Прага — город арочных мостов, острых шпилей, изящных соборов. Напоенный утренним светом, более холодным и пронзительным, чем в Лондоне. Туман, поднимавшийся над Влтавой, казался сказочной, блестящей лентой на сером одеяле города. Я вижу перед собой Эрика в поезде, глаза его горят, ибо путешествие вызывает в нем азарт, он тихонько называет достопримечательности города, которого ни один из нас прежде не видел, но Эрик, как выясняется, читал о нем.

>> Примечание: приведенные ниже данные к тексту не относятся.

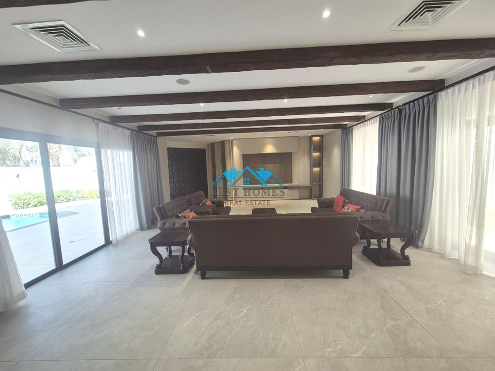 VIP modern villa in Qurtuba, ideal for diplomats. It features 2 living areas with a service kitchen, 5 master bedrooms with attached bathrooms, 2 main kitchens, an outside 2 - bedroom quarter with a kitchen, a big yard area with an outdoor swimming pool, and 2 garage parking spaces. rent is KD3000. Call or WhatsApp for viewing

Нам с Прагой еще предстояло познакомиться друг с другом. Однако, увидев ее в первый раз, я уже инстинктивно знал, что она не такая, как Лондон. Не сдержанная, не отстраненная, не холодная. Гордая — да. Но гордость Праги была привлекательна и окутана романтической тайной. Полные торжества парижские бульвары и высокомерные нью-йоркские небоскребы — не по ней. Это город мощеных улиц и потайных лестниц, внутренних двориков, увитых цветами и наполненных шепотом. Город, полный живописного достоинства, где бок о бок стоят дворцы и многоквартирные дома.

Мы с Эриком взяли такси и ехали по шумящим густой листвой улицам пригорода со странными домами в стиле модерн, окруженными садами-переростками.

— Где жила ваша тетя? — спросил я Эрика. — Где-то здесь?

— О нет. Ей нужно было все время находиться в гуще событий. Не ощущая запаха выхлопных газов, она чувствовала себя несчастной. Ее дом, точнее, квартира располагается в центре, и обстановка в ней в точности такая, какой она ее оставила, apparemment. Мы будем жить в настоящей Праге.

Мы спустились по уходившему круто вниз проспекту, вымощенному булыжником, который идет от Страговского монастыря до Малы Страны — маленького барочного квартала, состоящего из извилистых улочек, сходящихся у подножия замка. Здесь я впервые познакомился с настоящей Прагой. Перед нами текла Влтава, вдали виднелись башни-близнецы Карлова моста с его вереницей статуй, мрачных и черных — от возраста и копоти.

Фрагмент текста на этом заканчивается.